The first step in reducing the risk of mycotoxin contamination in livestock feed is to prevent mold growth in the field, during harvest, and during storage. If unacceptably high levels of mycotoxins occur, removal or dilution of the contaminated feed is preferable; however, it is sometimes impossible to replace contaminated feeds. The addition of mycotoxin binders to contaminated feed has proven to be a very promising approach in reducing the effects of mycotoxins. The theory is that the adsorbent binds the mycotoxins in the feed strongly enough to prevent the adsorption across the digestive tract of the consuming animal. Potential adsorbent materials include activated charcoal, aluminosilicates (clay, bentonite, montmorillonite, zeolite, phyllosilicates, etc.), complex indigestible carbohydrates (cellulose, polysaccharides in the cell walls of yeast and bacteria), and synthetic polymers such as cholestyramine and polyvinylpyrrolidone and derivatives.

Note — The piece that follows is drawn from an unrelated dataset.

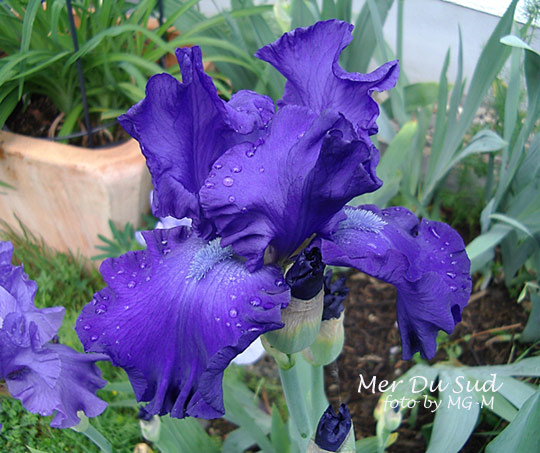 ! Kann ich ja wieder ein Namensschildchen schreiben.bluebells, wie hoch ist die Codicil bei dir? Meine ist sehr niedrig geblieben.Ist DAS ein Blau? Das ist ein Blau! So schön wie der Name: Mer du Sud. Leider mußte ich die Blüte aus einem ungünstigen Winkel fotografieren um die Farbe richtig wiederzugeben.

There are many in vitro methods for analysis of mycotoxin adsorbents, which include detection by thin layer chromatography (TLC), high-performance liquid chromatography (HPLC), and enzyme-linked immunosorbent assay (ELISA). TLC is the least sensitive and accurate of these methods. There are positives and negatives to both HPLC and ELISA methods. ELISA kits are easier to use and more cost effective, but they are more prone to matrix effects than HPLC analysis, which can cause false results. Another key limitation to ELISA kits is that they can only reliably quantify in a certain range, e.g. 0.3-10 ppb. Therefore, anything over the limit of the kit (in this example 10 ppb), needs dilutions in order to be accurately calculated, causing additional uncertainty in the results. HPLC does not have this limitation; results can be seen well outside of this range and accurately quantified. Another positive aspect of HPLC is the ability to distinguish between mycotoxins such as aflatoxin B1, B2, G1, and G2. With ELISA kits, only total aflatoxins can be tested. With HPLC, one can test a mixture of mycotoxins and determine the efficiency of the adsorbent for each mycotoxin separately.
Here at Trilogy, we test mycotoxin binders using HPLC methodology. Determinations are performed in triplicate to determine how much of the toxin is bound to the adsorbent. Desorption is then calculated to determine how much of the toxin remains bound as it moves through the animal’s digestive tract. Learn more about mycotoxin binder analysis at Trilogy by visiting our website or viewing our whitepaper on the topic. If interested in setting up a mycotoxin binding study, please contact us.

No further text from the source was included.